== Segment start ==

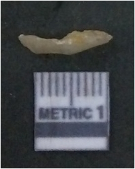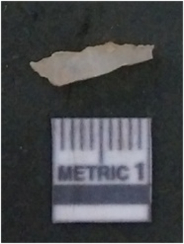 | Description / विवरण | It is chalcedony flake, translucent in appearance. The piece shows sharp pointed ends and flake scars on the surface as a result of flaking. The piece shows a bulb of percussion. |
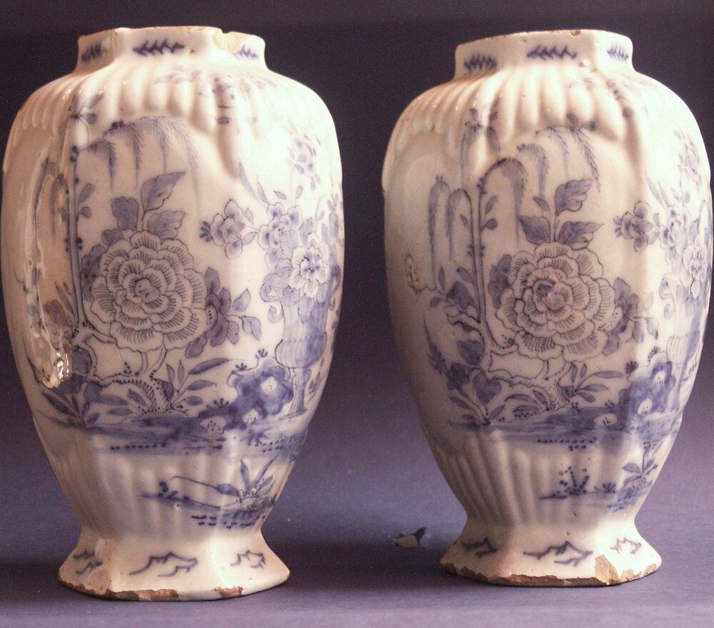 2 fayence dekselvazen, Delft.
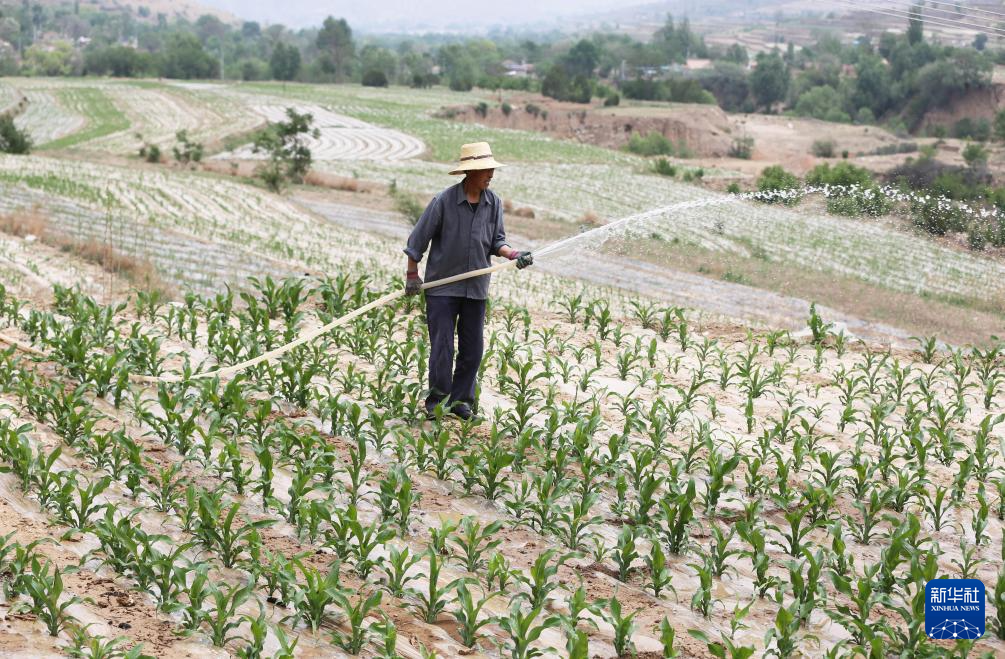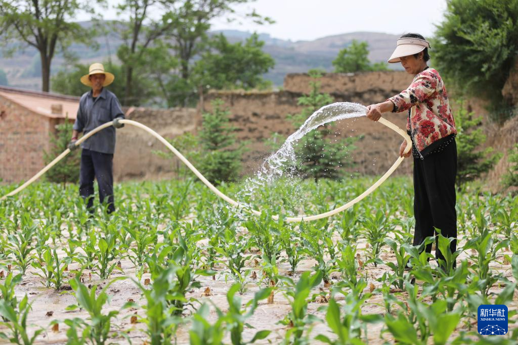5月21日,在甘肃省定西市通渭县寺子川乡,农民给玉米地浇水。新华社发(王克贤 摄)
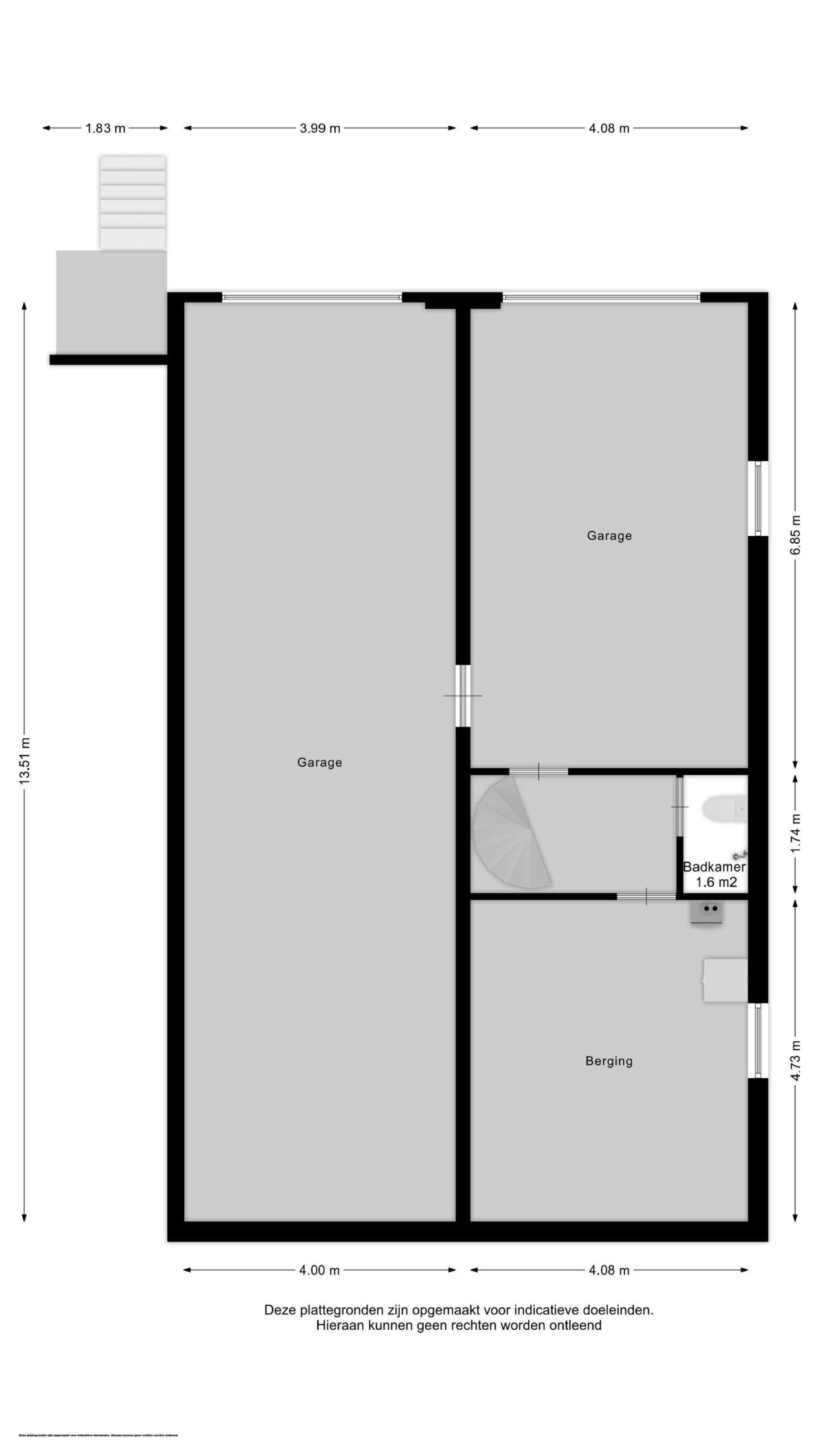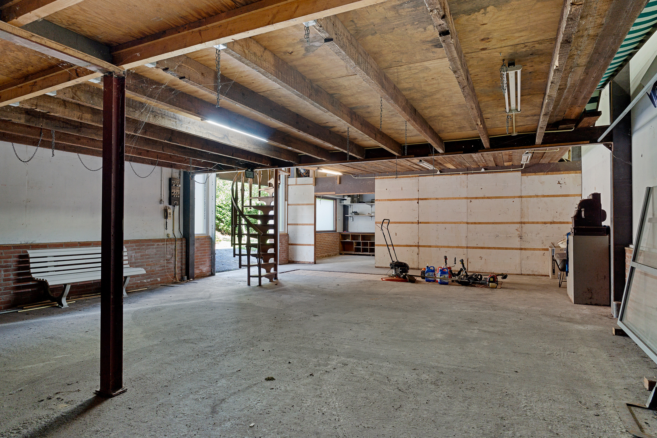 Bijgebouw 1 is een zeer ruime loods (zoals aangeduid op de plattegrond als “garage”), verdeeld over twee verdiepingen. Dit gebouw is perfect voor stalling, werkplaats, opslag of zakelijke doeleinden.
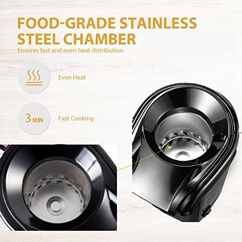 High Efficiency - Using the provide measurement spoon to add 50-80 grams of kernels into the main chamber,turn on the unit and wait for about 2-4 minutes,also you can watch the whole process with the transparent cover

== Segment end ==

▶ _EXERCISE REQUIREMENTS_: Set the material above down again word for word. Include none of its pictures.

▶ _OUTPUT_:
 | Description / विवरण | It is chalcedony flake, translucent in appearance. The piece shows sharp pointed ends and flake scars on the surface as a result of flaking. The piece shows a bulb of percussion. |
 2 fayence dekselvazen, Delft.
5月21日,在甘肃省定西市通渭县寺子川乡,农民给玉米地浇水。新华社发(王克贤 摄)
 Bijgebouw 1 is een zeer ruime loods (zoals aangeduid op de plattegrond als “garage”), verdeeld over twee verdiepingen. Dit gebouw is perfect voor stalling, werkplaats, opslag of zakelijke doeleinden.
 High Efficiency - Using the provide measurement spoon to add 50-80 grams of kernels into the main chamber,turn on the unit and wait for about 2-4 minutes,also you can watch the whole process with the transparent cover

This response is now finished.